• **INPUT DATA**:
★ ★ ★ ★

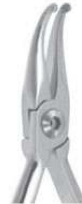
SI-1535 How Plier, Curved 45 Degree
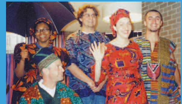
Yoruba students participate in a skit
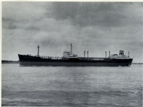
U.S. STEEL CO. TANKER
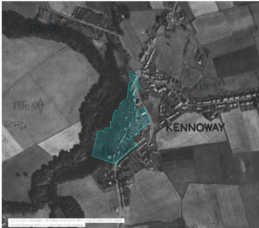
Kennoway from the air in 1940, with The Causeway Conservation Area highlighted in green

★ ★ ★ ★

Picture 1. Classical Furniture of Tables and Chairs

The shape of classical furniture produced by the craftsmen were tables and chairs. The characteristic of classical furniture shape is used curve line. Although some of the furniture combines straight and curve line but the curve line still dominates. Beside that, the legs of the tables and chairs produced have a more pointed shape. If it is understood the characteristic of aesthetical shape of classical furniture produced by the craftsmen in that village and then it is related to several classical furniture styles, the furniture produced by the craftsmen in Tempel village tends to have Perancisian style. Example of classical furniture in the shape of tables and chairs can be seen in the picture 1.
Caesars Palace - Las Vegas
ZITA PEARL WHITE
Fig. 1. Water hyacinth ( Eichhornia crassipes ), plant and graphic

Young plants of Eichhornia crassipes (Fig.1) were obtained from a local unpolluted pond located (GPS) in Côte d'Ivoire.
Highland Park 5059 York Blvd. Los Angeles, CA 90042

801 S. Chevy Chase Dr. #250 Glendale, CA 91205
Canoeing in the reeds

★ ★ ★ ★

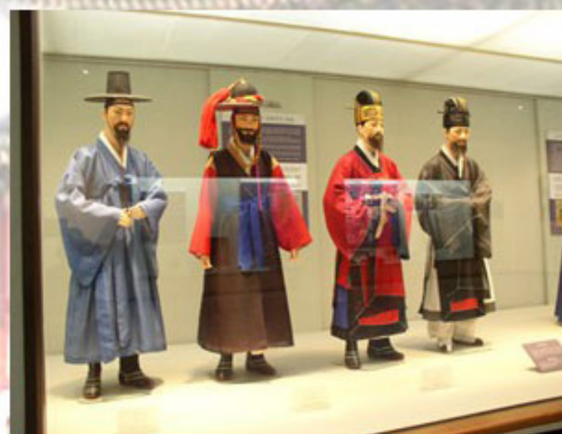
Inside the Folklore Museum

★ ★ ★ ★

All lines of the records above that contain the word "from" are to be copied out.

Kennoway from the air in 1940, with The Causeway Conservation Area highlighted in green
Young plants of Eichhornia crassipes (Fig.1) were obtained from a local unpolluted pond located (GPS) in Côte d'Ivoire.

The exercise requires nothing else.